### DESCRIPTION OF THE TASK
When you reach the line holding "Obóz pracy." in the material below, return that line and each one after it, word for word, with the pictures dropped.

### SOURCE INFORMATION
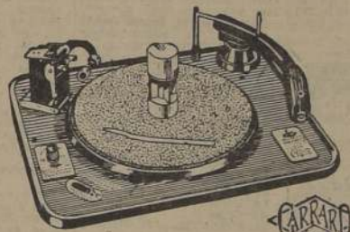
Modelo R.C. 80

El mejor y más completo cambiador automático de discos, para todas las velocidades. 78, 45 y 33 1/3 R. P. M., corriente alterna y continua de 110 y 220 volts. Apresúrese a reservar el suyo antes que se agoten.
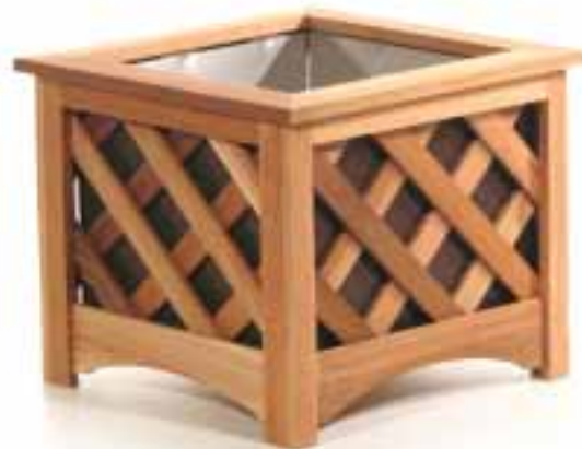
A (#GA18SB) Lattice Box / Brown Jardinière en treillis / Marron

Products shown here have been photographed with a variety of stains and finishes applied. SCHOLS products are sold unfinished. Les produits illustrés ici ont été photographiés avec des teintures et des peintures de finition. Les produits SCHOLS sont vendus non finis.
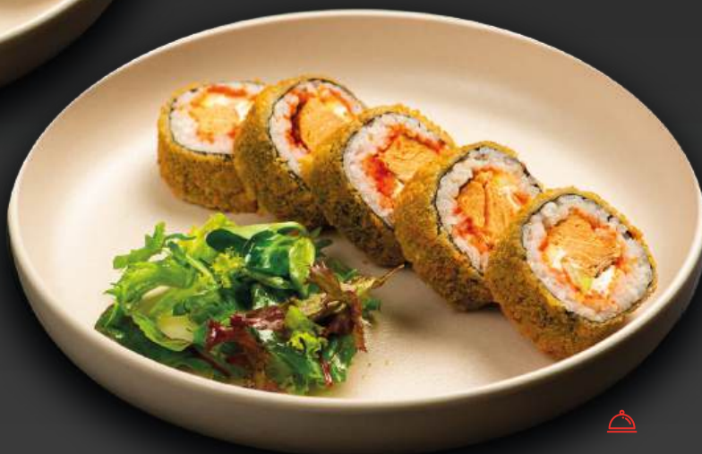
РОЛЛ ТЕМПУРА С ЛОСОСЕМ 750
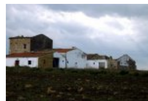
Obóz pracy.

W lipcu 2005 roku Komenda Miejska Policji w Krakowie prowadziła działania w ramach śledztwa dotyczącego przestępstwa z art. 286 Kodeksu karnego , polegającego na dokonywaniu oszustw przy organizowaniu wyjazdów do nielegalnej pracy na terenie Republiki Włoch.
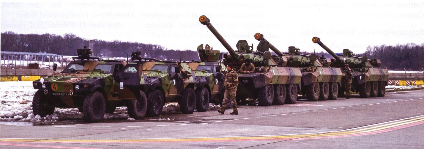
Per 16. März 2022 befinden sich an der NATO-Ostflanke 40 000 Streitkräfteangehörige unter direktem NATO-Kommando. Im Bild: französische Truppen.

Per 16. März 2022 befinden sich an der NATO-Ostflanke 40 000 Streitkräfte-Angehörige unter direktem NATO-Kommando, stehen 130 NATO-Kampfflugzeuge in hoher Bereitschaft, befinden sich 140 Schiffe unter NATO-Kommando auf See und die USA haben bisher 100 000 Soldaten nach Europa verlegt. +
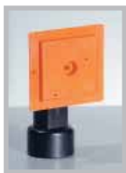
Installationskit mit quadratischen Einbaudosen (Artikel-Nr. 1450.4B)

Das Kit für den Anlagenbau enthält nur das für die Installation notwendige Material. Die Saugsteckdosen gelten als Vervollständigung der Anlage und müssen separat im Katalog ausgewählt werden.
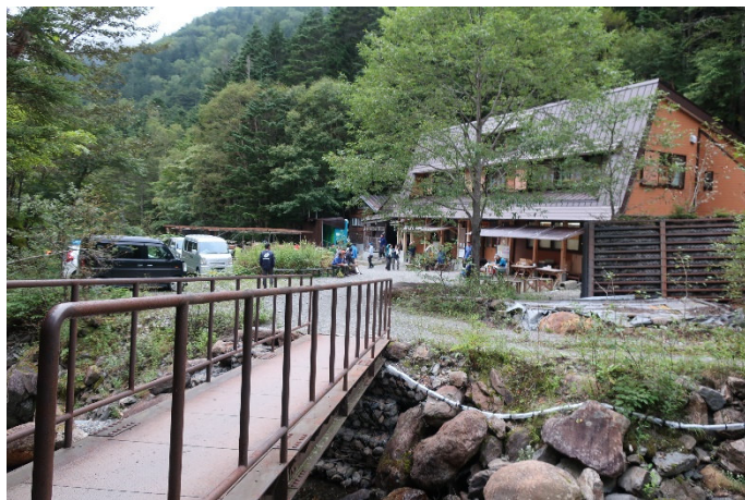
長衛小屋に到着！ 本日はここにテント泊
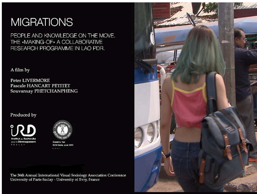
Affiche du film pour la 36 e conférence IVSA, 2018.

### RESPONSE BOX
Obóz pracy.

W lipcu 2005 roku Komenda Miejska Policji w Krakowie prowadziła działania w ramach śledztwa dotyczącego przestępstwa z art. 286 Kodeksu karnego , polegającego na dokonywaniu oszustw przy organizowaniu wyjazdów do nielegalnej pracy na terenie Republiki Włoch.
Per 16. März 2022 befinden sich an der NATO-Ostflanke 40 000 Streitkräfteangehörige unter direktem NATO-Kommando. Im Bild: französische Truppen.

Per 16. März 2022 befinden sich an der NATO-Ostflanke 40 000 Streitkräfte-Angehörige unter direktem NATO-Kommando, stehen 130 NATO-Kampfflugzeuge in hoher Bereitschaft, befinden sich 140 Schiffe unter NATO-Kommando auf See und die USA haben bisher 100 000 Soldaten nach Europa verlegt. +
Installationskit mit quadratischen Einbaudosen (Artikel-Nr. 1450.4B)

Das Kit für den Anlagenbau enthält nur das für die Installation notwendige Material. Die Saugsteckdosen gelten als Vervollständigung der Anlage und müssen separat im Katalog ausgewählt werden.
長衛小屋に到着！ 本日はここにテント泊
Affiche du film pour la 36 e conférence IVSA, 2018.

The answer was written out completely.